Monday, January 26, 2015
Cauliflower Cheese Soup
I don't think I've made a batch yet that hasn't turned out well. The only problem is that you can't duplicate it. If it turns out really, really well one time, there's pretty much no way you're going to get that same flavor the next time.
This was one of those times. This extra creamy, cheesy, cauliflower soup is one that I'm going to want to make again and again so I'm really glad I kept track of what went into it.

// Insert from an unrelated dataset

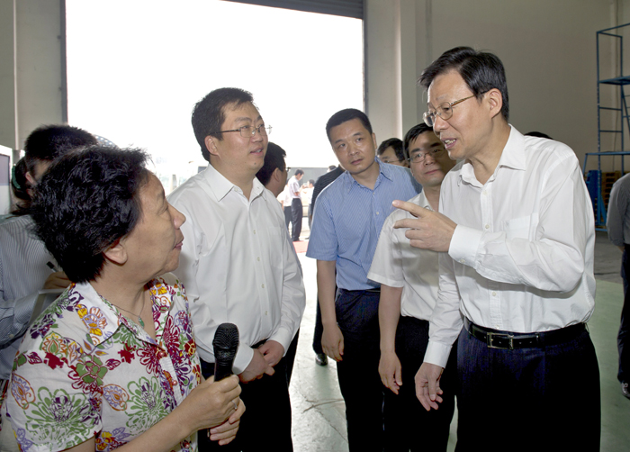 任桂芳董事长向省长汇报了中复连众在中国建材集团、中国复材集团的领导下的快速发展历程。自2006年从德国引进1.5兆瓦、37.5米叶片生产技术以来,中复连众不断加快发展步伐,目前已经可以生产9个系列近三十个叶型的叶片,获得专利35个,其中发明专利15个;自主研发的6.0兆瓦、62米叶片顺利挂机已经于去年10月份顺利挂机。经过5年的发展,公司在国内外建有6个叶片生产基地,已经成为亚洲最大的风力机叶片制造商,强大的技术实力为中复连众赢得市场,稳定发展持续发展提供了不竭源泉。

CAULIFLOWER CHEESE SOUP (serves 6)
2 medium potatoes, peeled and cut into 1" cubes
1 large cauliflower, cut into florets
2 carrots, peeled and chopped
3 cloves garlic, peeled and minced
1 medium onion, diced
1 1/2 tsp. salt
4 c. low sodium chicken broth
2 c. grated cheddar
3/4 c. milk
1/2 tsp. coriander
1/2 tsp. chili powder
black pepper, to taste
1. In a large stockpot, combine potatoes, cauliflower, carrots, garlic, onion, salt and chicken broth. Bring to a boil, then reduce heat to a simmer. Cook until all vegetables are very tender.
2. Use an immersion blender (or transfer to a regular blender in batches), to blend all ingredients until smooth.
3. Add in the cheese, milk and spices and stir to combine.